Reversed maki sushi
1 cup black rice (heaped cup)
1 1/ 3 cup water
1 teaspoon sugar
Salt to taste
1 teaspoon rice vinegar
Soft cheese like Camembert
Nori seaweed sheets
Rinse the black rice several times under running water until the water that drains off turns transparent. Transfer to a saucepan and add the indicated dose of boiling water. Simmer over low heat for 20 minutes. Remove from heat, season with salt, sugar and vinegar, then cover with a kitchen towel and let stand 15 minutes. The rice should be dry, sticky and not very hot.
Boil 1 liter of water and pour it into a round dish with the diameter of the rice sheets. Dip in, one by one, 3 sheets. Once softened, lay them one on the other but in a way to obtain an oval sheet with the length of a nori sheet. Then put these three rice sheets on a bamboo sushi mat. Place over a nori sheet and spread a good amount of black rice. Smooth well. Align lengthwise the stuffing ingredients, making an entire length with each one.
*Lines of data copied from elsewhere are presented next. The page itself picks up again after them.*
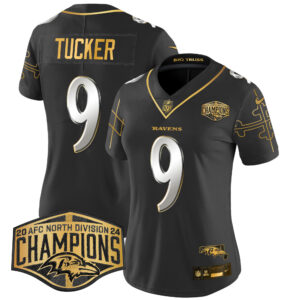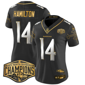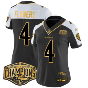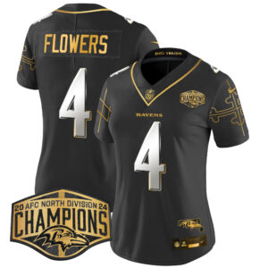Women’s Ravens Maryland Flag Map 2024 AFC North Division Champions Patch Gold Vapor Limited Jersey – All Stitched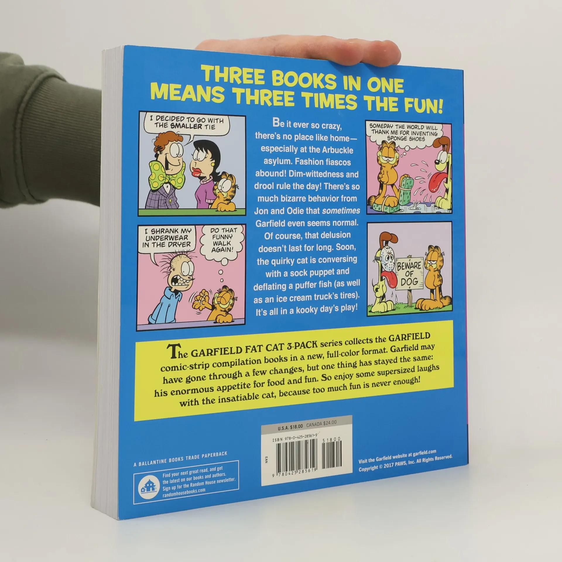 This rollicking collection includes three books in Garfield Sings for His Supper, Garfield Wide Load, and Garfield Souped Up . Be it ever so crazy, there’s no place like home—especially at the Arbuckle asylum. Fashion fiascos abound! Dim-wittedness and droll rule the day! There’s so much bizarre behavior from Jon and Odie that sometimes Garfield even seems normal. Of course, that delusion doesn’t last for long. Soon, the quirky cat is conversing with a sock puppet and deflating a puffer fish (as well as an ice cream truck’s tires). It’s all in a kooky day’s play! The GARFIELD FAT CAT 3-PACK series collects the GARFIELD comic-strip compilation books in a new, full-color format. Garfield may have gone through a few changes, but one thing has stayed the his enormous appetite for food and fun. So enjoy some supersized laughs with the insatiable cat, because too much fun is never enough!
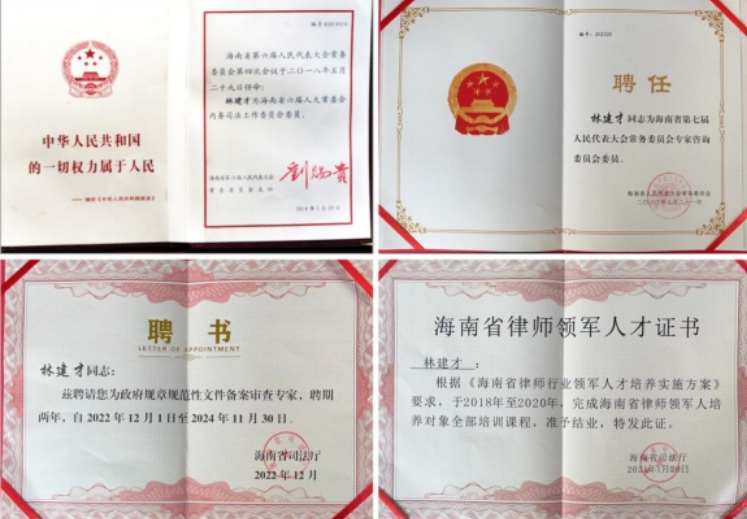 难能可贵的是,林建才律师还身兼多个社会职务。他是海南省人大常委会专家咨询委员会委员 、海南省委联系服务重点专家、海南省政府规章规范性文件备案审查专家 、海南大学法学院校外法律实务指导老师、海南科技职业大学讲师、海南省第八届律师协会副监事长、海南省六届人大常委会内务司法工作委员会委员,并获得海南省委、省政府“法律进乡村工程先进个人”、第八届西部律师发展论坛征文二等奖 、中南六省(区)律师论坛优秀论文一等奖(2018)、海南省律师行业“优秀党务工作者”、海南省司法行政系统“优秀共产党员” 、海南省律师领军人才、海南省涉外法律人才等诸多荣誉。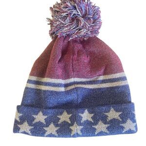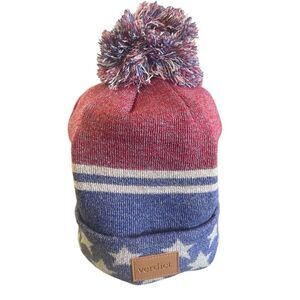 Verdict Knit Pom Beanie Red White Blue Stars NWOT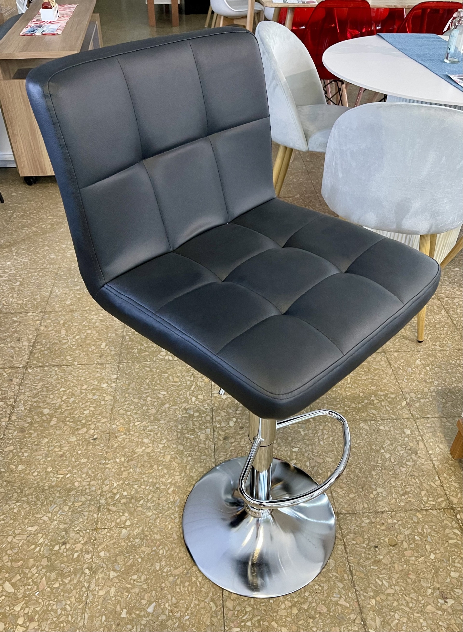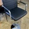 Banqueta Importada con graduación de altura, Tapizada en eco cuero Negro, acolchada, detalles de costura, base cromada.

Wrap the sheets (rice and seaweed) tightly around the filling helping yourself with the bamboo mat to get a salami-like roll. Wrap it in plastic film and refrigerate until ready to serve. The sushi can be prepared the day before. This amount of rice is enough for 2 sushi rolls.
Just before serving, cut each roll into 1 cm slices with a sharp, wet knife. Serve the maki sushi with a small cup of soy sauce and a rose of wasabi sauce.